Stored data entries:

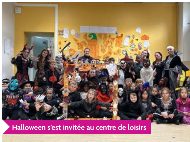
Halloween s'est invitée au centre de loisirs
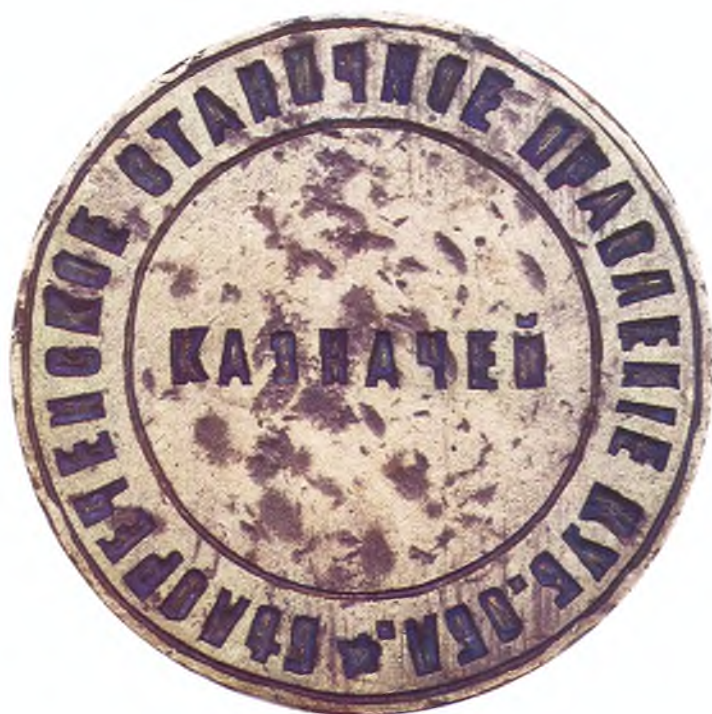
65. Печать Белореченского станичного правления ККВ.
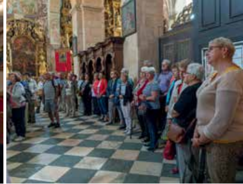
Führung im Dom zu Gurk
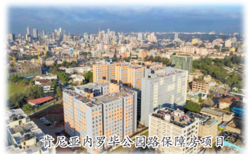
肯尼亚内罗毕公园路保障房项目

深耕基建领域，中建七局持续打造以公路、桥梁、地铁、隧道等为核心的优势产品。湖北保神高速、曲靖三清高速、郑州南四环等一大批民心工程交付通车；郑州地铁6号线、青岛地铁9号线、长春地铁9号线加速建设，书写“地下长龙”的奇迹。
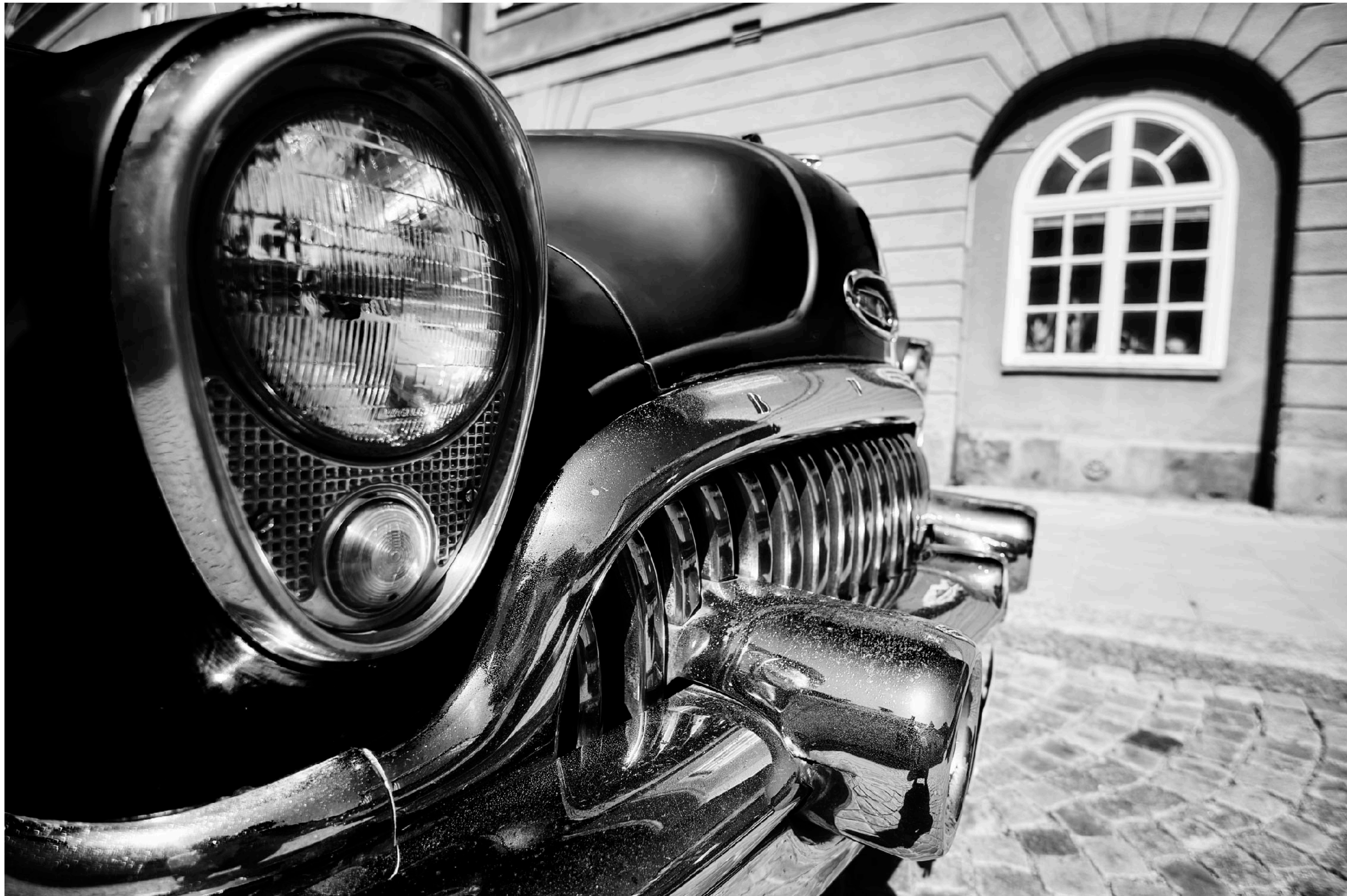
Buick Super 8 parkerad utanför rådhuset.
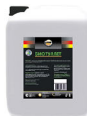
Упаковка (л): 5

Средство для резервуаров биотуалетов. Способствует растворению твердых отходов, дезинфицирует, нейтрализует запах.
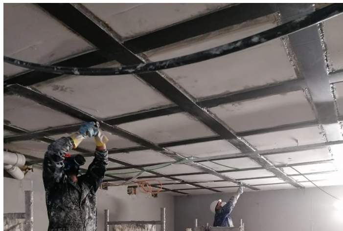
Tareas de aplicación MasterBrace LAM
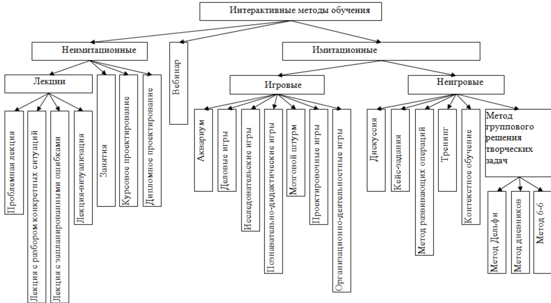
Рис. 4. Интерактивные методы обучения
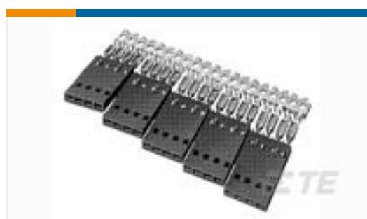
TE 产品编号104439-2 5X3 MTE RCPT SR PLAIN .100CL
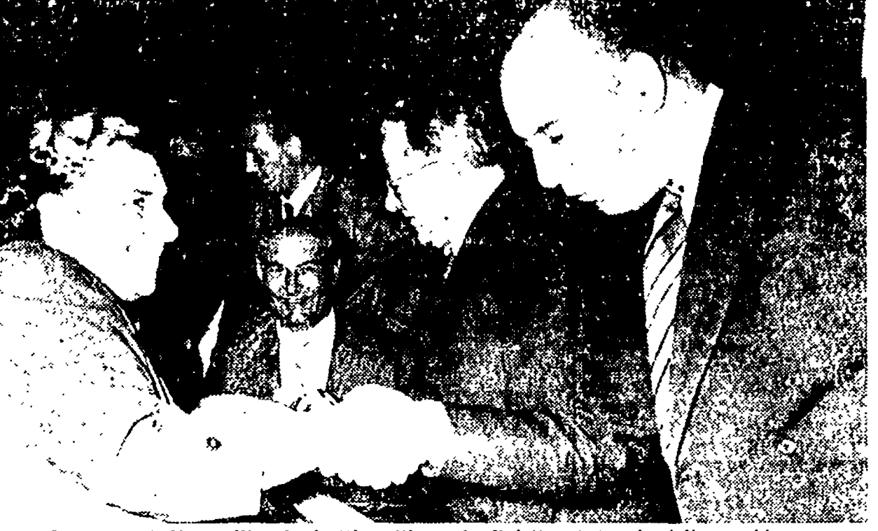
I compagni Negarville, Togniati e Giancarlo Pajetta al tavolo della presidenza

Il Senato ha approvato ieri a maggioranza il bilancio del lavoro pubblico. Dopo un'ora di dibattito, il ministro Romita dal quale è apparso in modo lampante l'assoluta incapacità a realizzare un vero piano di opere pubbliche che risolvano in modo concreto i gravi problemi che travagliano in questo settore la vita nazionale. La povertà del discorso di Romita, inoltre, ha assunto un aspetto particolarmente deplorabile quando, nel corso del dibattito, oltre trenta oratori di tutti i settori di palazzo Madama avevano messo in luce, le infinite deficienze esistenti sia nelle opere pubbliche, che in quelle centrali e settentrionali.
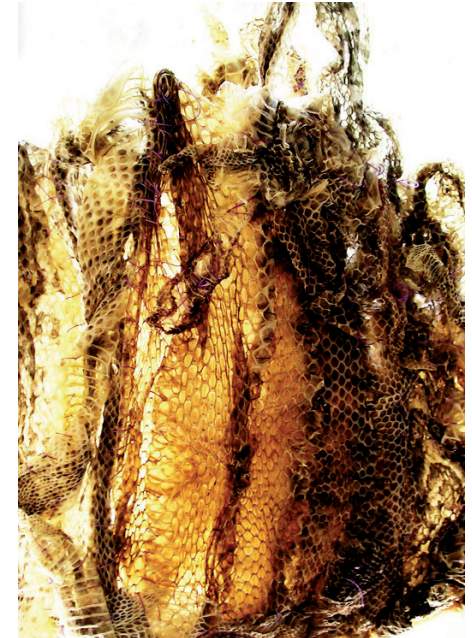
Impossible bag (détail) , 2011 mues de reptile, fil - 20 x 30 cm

...

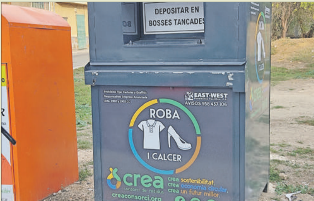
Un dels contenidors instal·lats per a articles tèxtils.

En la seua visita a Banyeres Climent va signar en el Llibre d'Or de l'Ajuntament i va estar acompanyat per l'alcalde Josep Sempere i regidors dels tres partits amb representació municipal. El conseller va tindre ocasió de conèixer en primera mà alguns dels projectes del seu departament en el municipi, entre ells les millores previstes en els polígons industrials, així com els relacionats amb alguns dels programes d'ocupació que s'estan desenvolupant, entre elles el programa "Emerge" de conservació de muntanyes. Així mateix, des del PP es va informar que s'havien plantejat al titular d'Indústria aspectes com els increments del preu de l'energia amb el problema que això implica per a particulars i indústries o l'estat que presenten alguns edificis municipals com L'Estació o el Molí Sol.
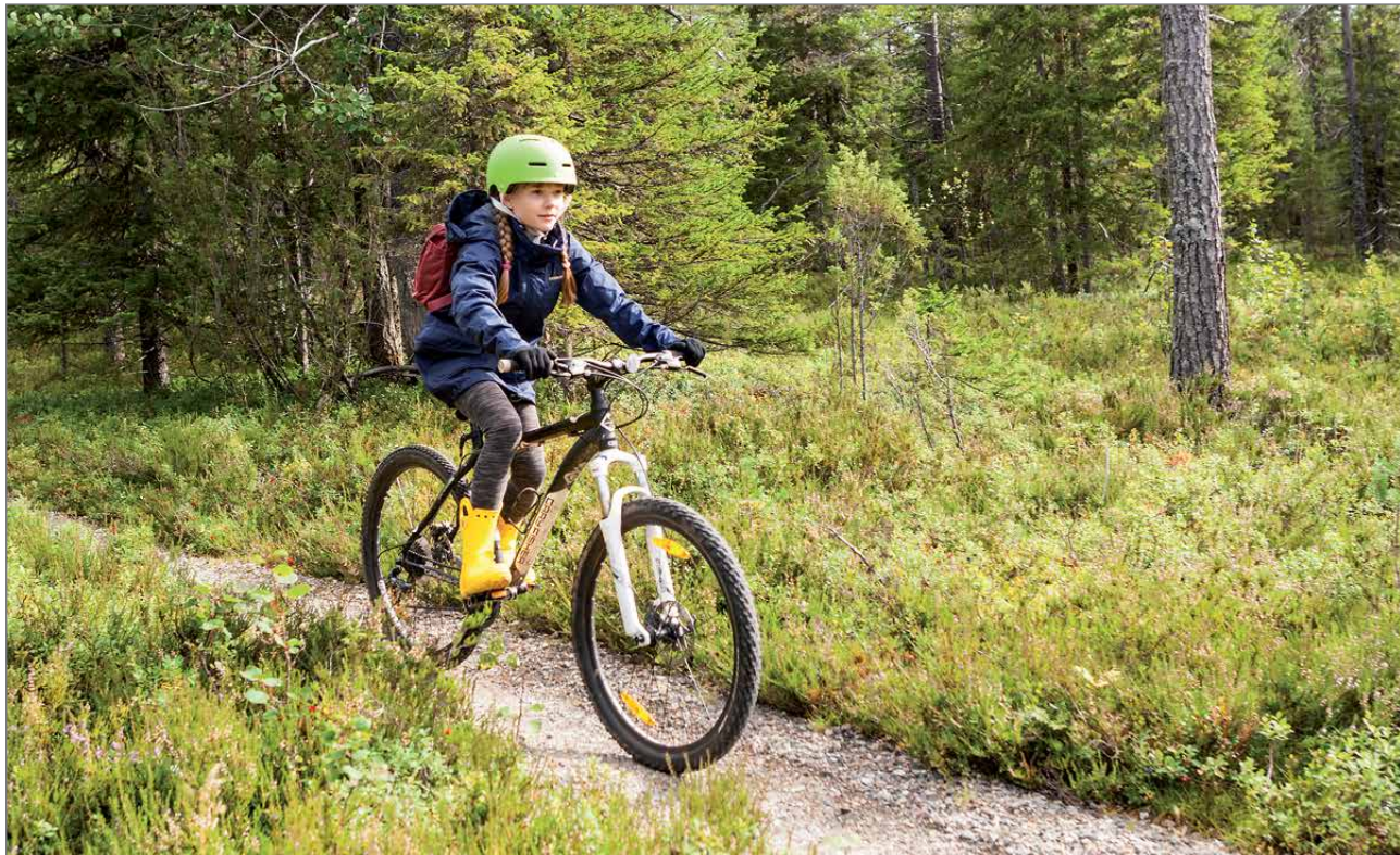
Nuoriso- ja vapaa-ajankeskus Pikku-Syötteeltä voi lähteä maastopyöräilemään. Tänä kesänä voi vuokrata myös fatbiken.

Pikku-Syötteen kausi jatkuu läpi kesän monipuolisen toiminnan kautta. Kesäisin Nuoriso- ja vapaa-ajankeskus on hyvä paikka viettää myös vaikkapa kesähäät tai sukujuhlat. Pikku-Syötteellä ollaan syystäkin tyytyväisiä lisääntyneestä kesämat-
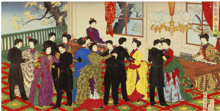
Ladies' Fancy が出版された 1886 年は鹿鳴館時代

WHAT YOU WILL DO: Each line of the data that contains "myös" should be counted; please give only the number.

RESULT BELOW: 2